The electrophysiological lexicon suffers not only from ambiguous descriptors but also from inconsistent definitions of the parameters themselves. For example, some investigators measure action potential amplitude from the resting membrane potential to the peak of the spike [30]. A complementary subset of studies, however, calculates action potential amplitude relative to the spike threshold potential [31]. The relationship between the minimum and the steady-state membrane potentials resulting from a hyperpolarizing current is similarly ambiguous. The sag ratio quantifies the relative difference between the peak hyperpolarization and steady-state hyperpolarization [32]. Alternatively, the sag percentage reports the fractional change in membrane potential from peak to steady state relative to the steady state [33]. Figure 2b schematically shows the differences between these parameter definitions. Plainly, the use of identical or similar names for terms with different electrophysiological meanings can lead to the propagation of confusion and, worse, incorrect interpretations of data that are incorporated into the literature moving forward.

Molecular biomarkers bear an overabundance of synonyms, homonyms, hyponyms, hypernyms, and abbreviations. There is movement toward standardizing the naming of proteins, but it is debatable whether the efforts are alleviating or augmenting confusion. For instance, the entire family of mammalian neuronal transporters has been given the official name of “solute carrier family [X] member [Y].” The new names confer that the proteins are transporters, but provide little information beyond that. As an example, some authors now refer to vesicular glutamate transporter 2 (Gene ID: 84487, ncbi.nlm.nih.gov/protein/NP_445879.1) by the abbreviation Slc17a6, short for the official full name “solute carrier family 17, member 6,” while others keep the familiar vGluT2. If these two alternatives were not enough, the marker is also known by the symbols Dnpi and Vgl [3437] (Fig. 2c).

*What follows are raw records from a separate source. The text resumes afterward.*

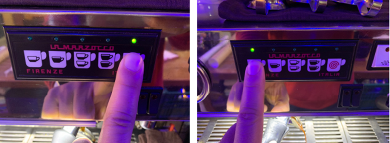 만약 1.3에서 각 추출 버튼마다 다른 물 양을 메모리했다면 보통 리스트레또(20~25ml), 에스프레소(30ml), 리스트레또 더블(40~50ml), 에스프레소 더블(60ml)로 메모리해서 추출한다.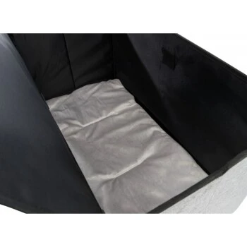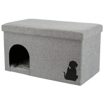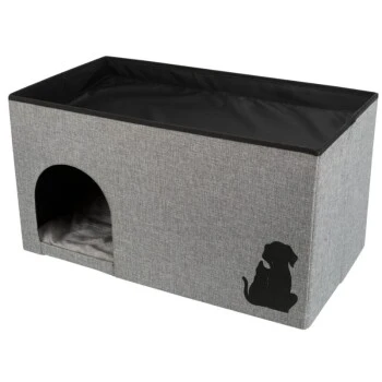 Die moderne Liegeplatz aus hochwertigem Webstoff und flauschigem Plüsch bietet einen komfortablen und kuschelweichen Schlafplatz für Katzen und kleine Hunde.Die Höhle ist faltbar, wodurch sie beim nicht verwenden gut verstaut werden kann. Durch den abnehmbarem, gepolstertem Deckel kann man das darunterliegende Staufach für Kleinigkeiten verwenden. Dank der Klettverschlüsse am Staufach-Boden lässt sich der Zwischenboden und damit die Höhle komplett von oben öffnen. Das Kissen mit Plüsch-Bezug (Polyester) und Polyestervlies-Füllung, gesteppt läd Ihren Liebling zum kuscheln ein.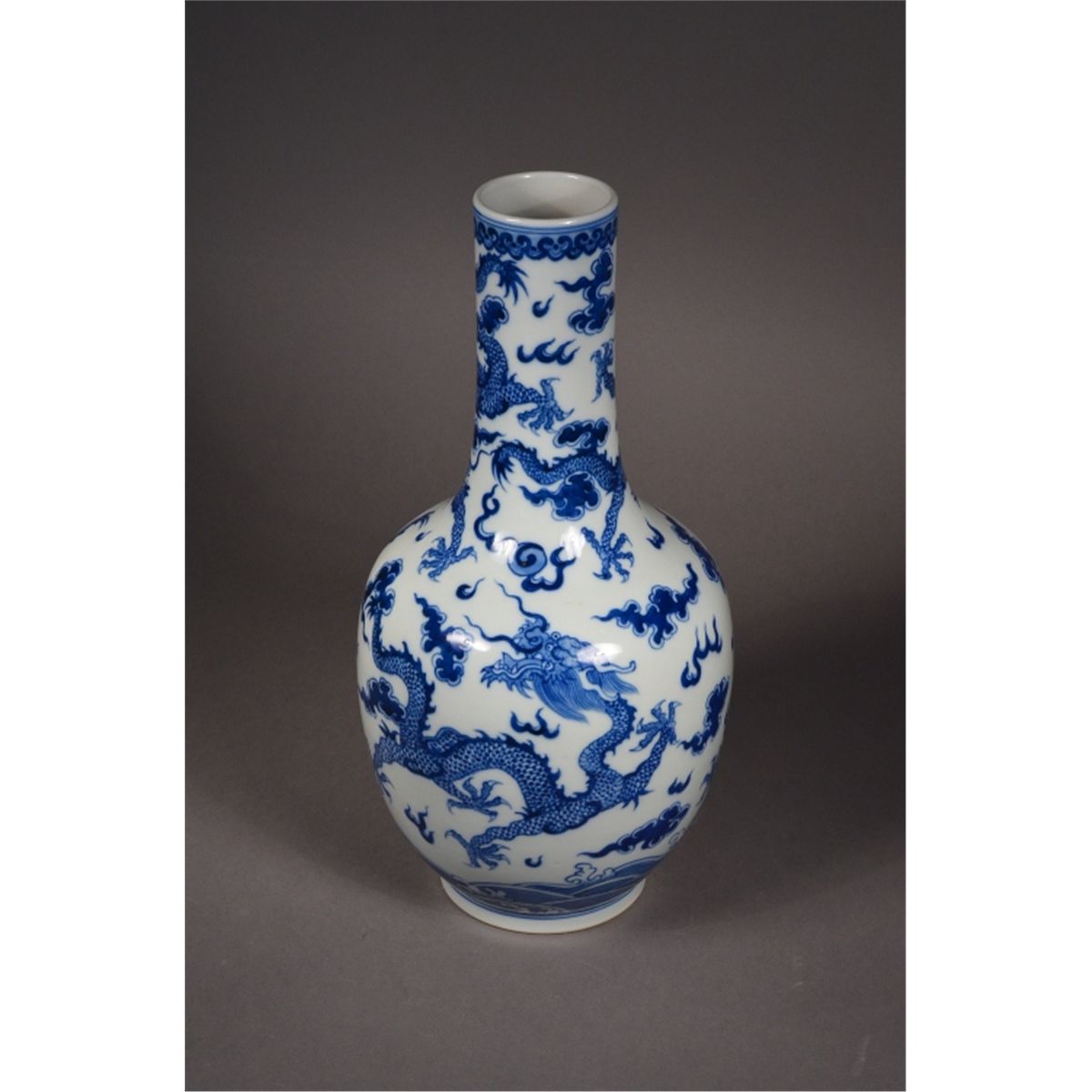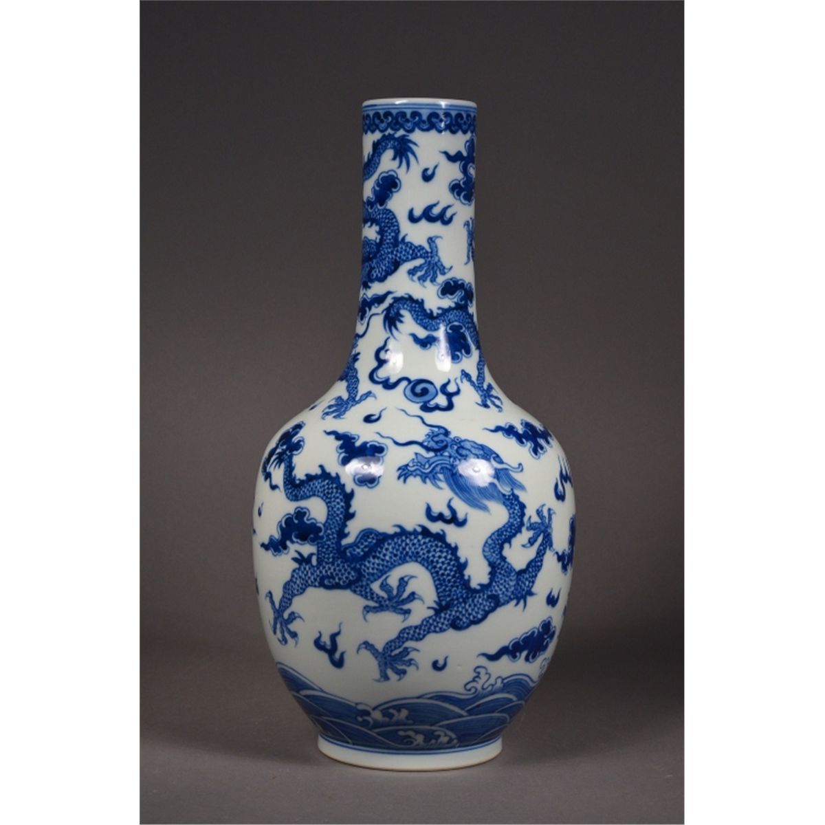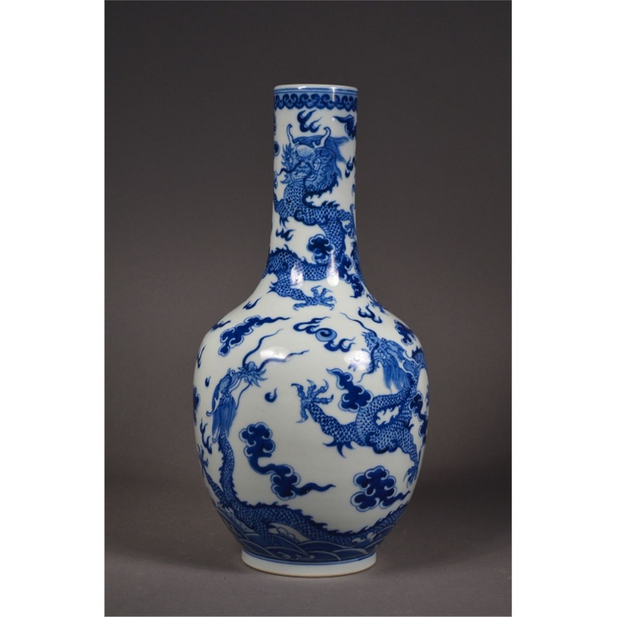 Fine 19th Chinese blue and white porcelain stick vase: depicting four five-toed dragons chasing flaming pearl; six-character Jiaqing mark; 13 1/2" tall, 6 1/2" diameter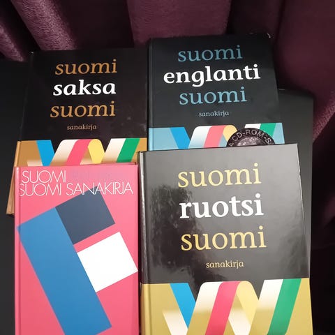 Myydään Saksan, Ruotsin, Englannin ja Ranskan sanakirjat.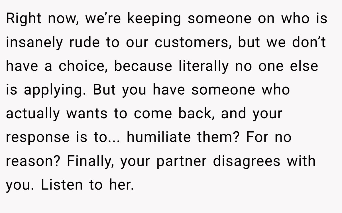 “Do you know how embarrassed I’d be to receive a letter like that?” they asked, pointing out that techs are in such short supply that most pharmacies can’t afford to lose anyone. Instead of enforcing shame, the boss should’ve welcomed someone who wanted to return. And with his own business partner disagreeing? “Listen to her,” they added.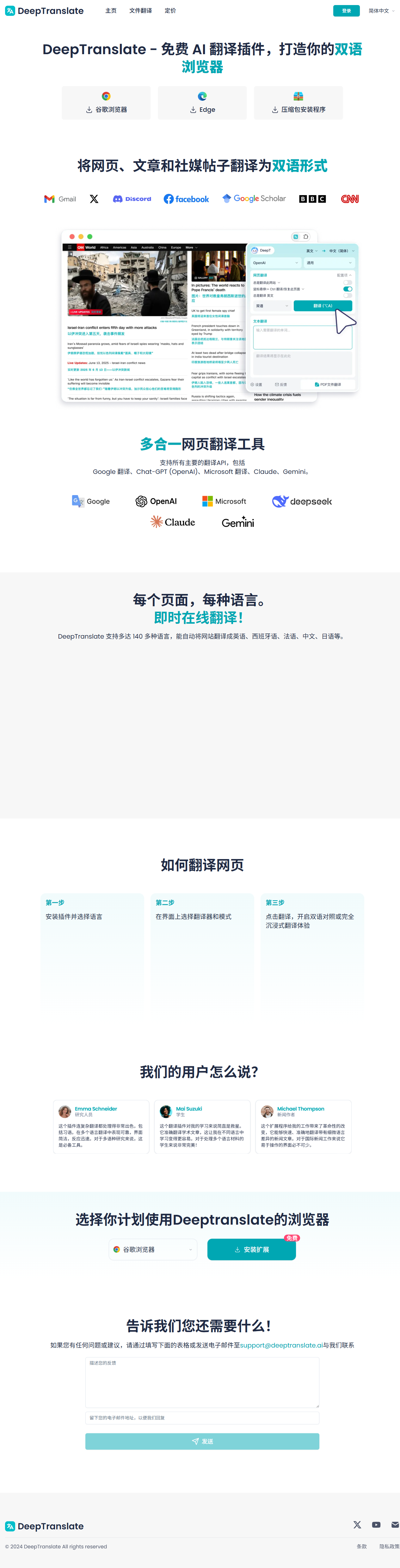 DeepTranslate.ai 是一款面向全球用户的免费 AI 翻译浏览器插件,由金华奇玑电子商务有限公司开发。用户安装后,可在 Chrome、Firefox 等主流浏览器中一键把任意网页转换成中英双语对照或完全沉浸式译文。插件集成 Google、ChatGPT-4o、Microsoft 等多引擎,支持 140 余种语言互译,并保留原文排版。无需注册即可使用,登录 Google 账号还可免费调用 OpenAI 模型,实现更高质量的语境化翻译。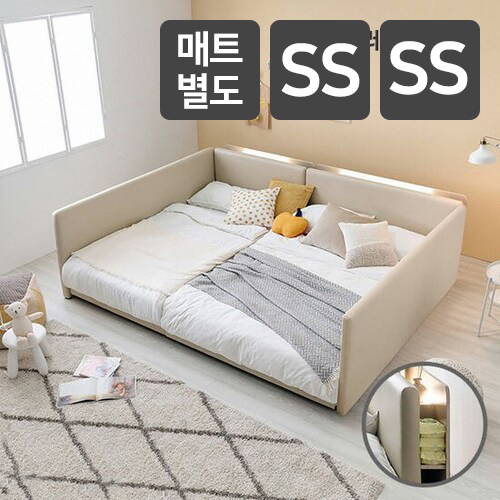 제조사 : 레이디가구 브랜드 : 레이디가구 등록일 : 2020.06 분류 : 패밀리침대구성 : 침대프레임사이즈 : 슈퍼싱글+슈퍼싱글매트타입 : 매트미포함프레임 : 저상형,하단밀폐형헤드 : 수납헤드깔판형태 : 통깔판특징 : USB포트,조명포함,사이드안전가드,라돈안전인증주요재질 : 원목커버재질 : 인조가죽(PU)침대크기(가로x세로x높이) : 234x217x82cm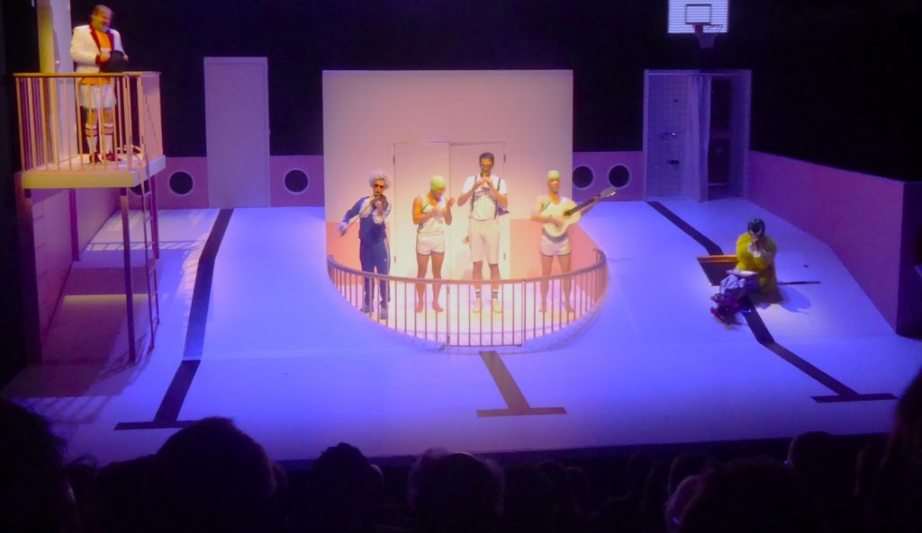 Es wirkt wie das Resultat eines Brainstormings, eine fixe Idee, in die man sich dann schließlich festgebissen hat: Regisseur Turecek, Dramaturgin Christine Richter-Nilsson und Ausstatterin Juliette Collas lassen alle fünf Akte der Handlung in einem Ambiente spielen, das irgendwo zwischen den klinischen Kacheln von Krankenhausk, Freibad und Wellness-Oase angesiedelt scheint. Zwei Rampen, den Übergängen zwischen Flachwasser und Schwimmerbahnen nachempfunden, schließen einen umzäunten Kernbereich ein, zwei sanitäre Funktionsräume am oberen rechten Rand, Klo und Dusche, dienen mit ihren Vorhängen einem munteren Rollenwechsel. Eine Bodenklappe rechts und ein Balkon linkerhand mit Leiter, dazu zwei zusätzliche Hintertürchen, sie alle eröffnen weitere Auf- und Abtrittsmöglichkeiten.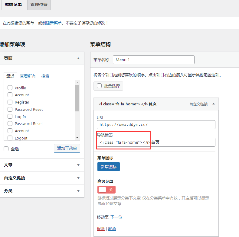 WordPress博客如何给导航前面添加图标图文教程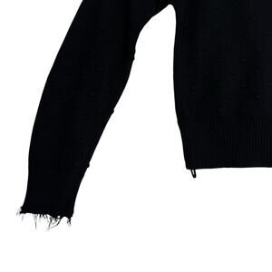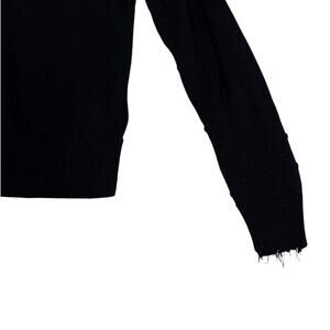 Nation Los Angeles Ltd Cardigan Sweater Womens XS Black Distressed Swiss Dot Knit V Neck Light Weight Distressed Perfectly Undone 100% Cotton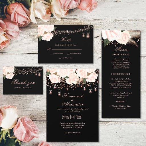 Menu de Casamento Floral do Elegante Black & Blush Rosa.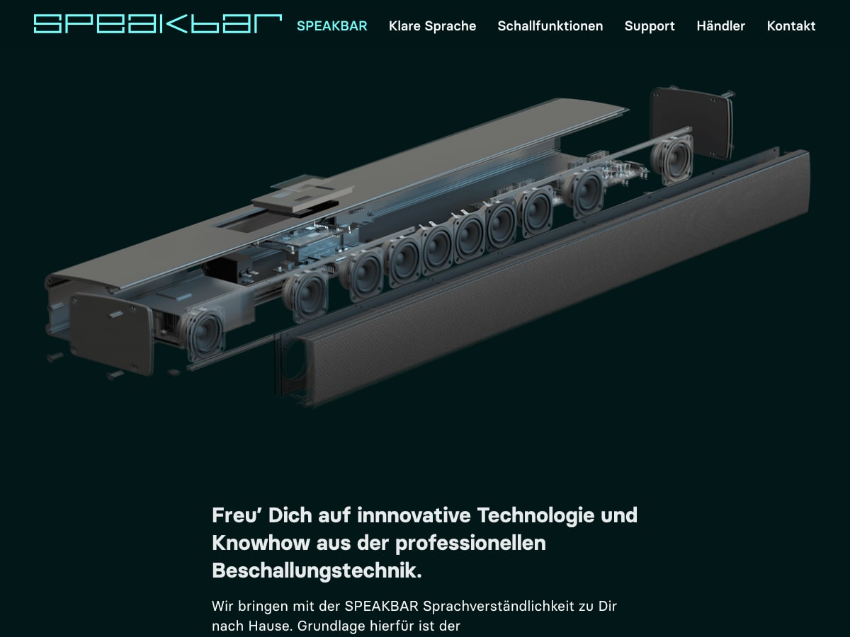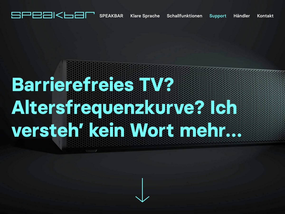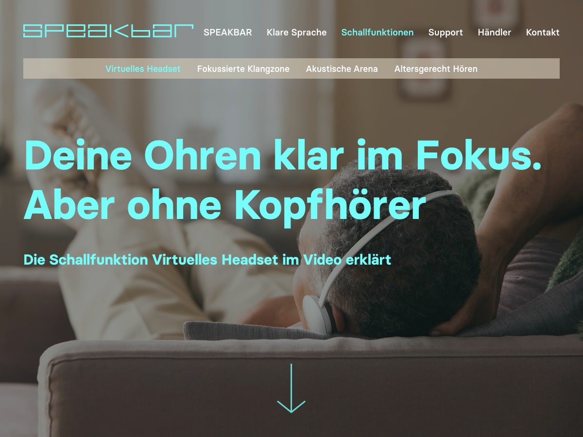 Speakbar ist eine Soundbar für besseres Sprachverstehen beim Fernsehen — mit Schallfunktionen wie Virtuellem Headset, Fokussierter Klangzone und Altersgerechtem Hören.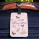 Étiquette À Bagage Respire simplement les papillons Feuille rose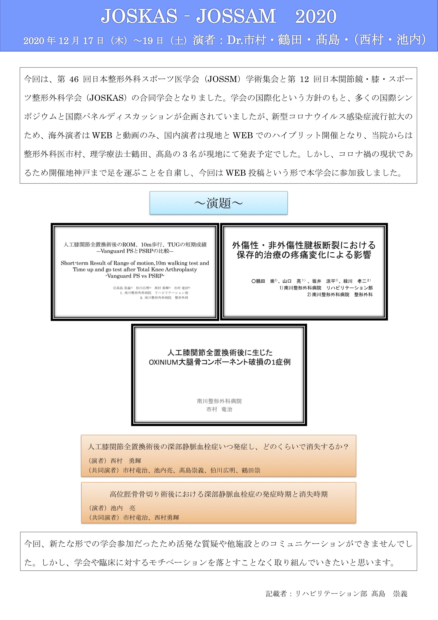 今回は、第46 回日本整形外科スポーツ医学会(JOSSM)学術集会と第12 回日本関節鏡・膝・スポーツ整形外科学会(JOSKAS)の合同学会となりました。学会の国際化という方針のもと、多くの国際シンポジウムと国際パネルディスカッションが企画されていましたが、新型コロナウイルス感染症流行拡大のため、海外演者はWEBと動画のみ、国内演者は現地とWEBでのハイブリット開催となり、当院からは整形外科医市村、理学療法士鶴田、髙島の3名が現地にて発表予定でした。しかし、コロナ禍の現状であるため開催地神戸まで足を運ぶことを自粛し、今回はWEB投稿という形で本学会に参加致しました。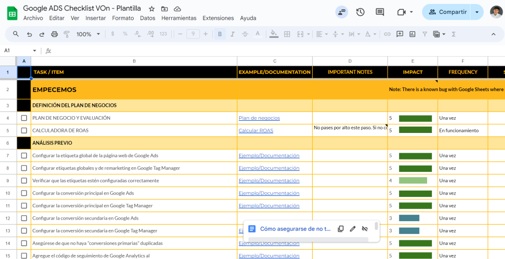 La auditoría inicial es la parte más importante para ejecutar éxito un proyecto de google ads, esta auditoria es interna y en ella analizaremos los siguientes puntos además de utilizar los siguientes checklist: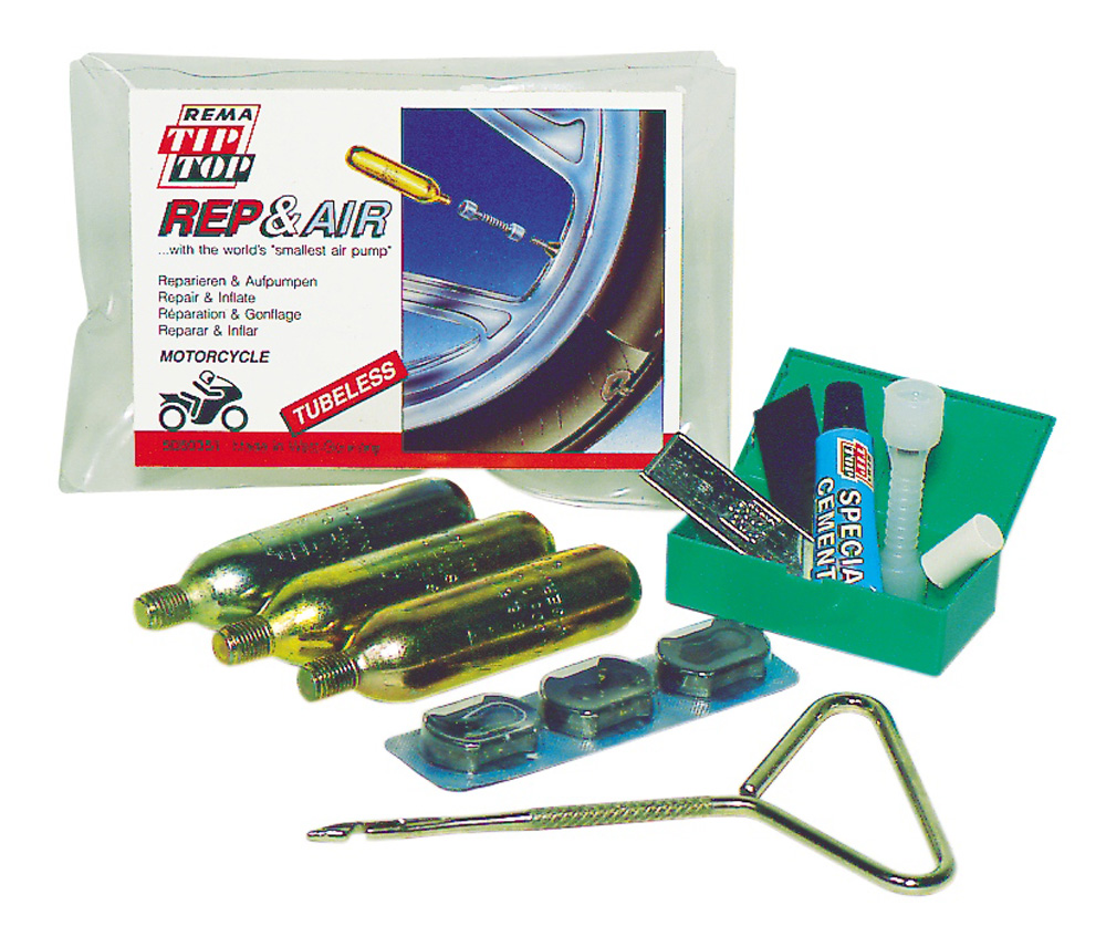 Todos los automóviles modernos montan ruedas sin cámara, si bien, todavía es posible encontrar motocicletas que lleven cámara, si es tu caso debes saber que la forma de proceder para arreglar un pinchazo es diferente. Además de los más modernos kits de reparación de pinchazos que emplean un líquido sellante, también podrías utilizar un kit de reparación tradicional (en la imagen superior), que habitualmente incluye unos alicates -para sacar el posible objeto punzante-, una pequeña lima -para suavizar las formas del agujero-, un ‘gusano’ o mecha de caucho -que será lo que tapone el boquete-, un punzón que te permita introducir ese pedacito de caucho en el punto por donde sale el aire, un pegamento especial, una cuchilla para eliminar los restos de pegamento y una bombona que te permitirá volver a hinchar el neumático.

One of the worst cases of molecular biomarker terminology confusion in neuroscience involves glutamate receptors. Metabotropic glutamate receptors (mGluRs) are not to be confused with three classes of ionotropic receptors (GluRs): AMPA, kainate, and NMDA, sometimes referred to as AMPARs, KAs, and the NRs [38]. In the promising new naming schema for glutamate receptors, metabotropic receptors retain use of mGluR, while AMPA receptors use GluA, kainate GluK, and NMDA GluN [39]. It is yet to be seen how widely used either of these schemata will be. Alas, even if the entire research community compactly embraced them today, the problem of linking new information with previous publications would remain.

3 Resolving the neuron-type crossword puzzle

The solution to both the naming dilemma and property-based neuronal classification lies in establishing and consistently applying an unambiguous, clearly defined, unique nomenclature with links to antecedent synonyms. With property terms, scholarly resources can serve as broadly accepted references and dictionaries, such as the Medical Subject Headings (MeSH) by the US National Library of Medicine [40] and NeuroLex by the National Institutes of Health-contracted Neuroscience Information Framework [41]. However, using such services requires turning attention away from the material with the confusing or unknown term, navigating external web site(s), finding and processing the definition(s), then refocusing attention to the original material. A terms portal integrated into the original material would greatly simplify the process.

3.1 Data schema for property-based classification of hippocampal neurons

To solve the neuronal naming problem, the neuroscience community would ideally adopt a robust approach to classification. Using the distributions of axons and dendrites across identifiable anatomical areas is advantageous for a number of reasons. Axonal and dendritic patterning is fundamental to all neurons, yet sufficiently information-rich to allow grouping at a useful level of abstraction on the spectrum from considering all neurons the same (as would be the case if spike integrator were the chosen property) and each individual neuron unique (as would result if using exact matches of the neurite arbors). In addition, neurite patterns are more stable and less dependent upon experimental conditions than molecular markers and electrophysiology, respectively. Lastly, as demonstrated below, this approach naturally provides the means of creating unique, concise, informative names of neuron types.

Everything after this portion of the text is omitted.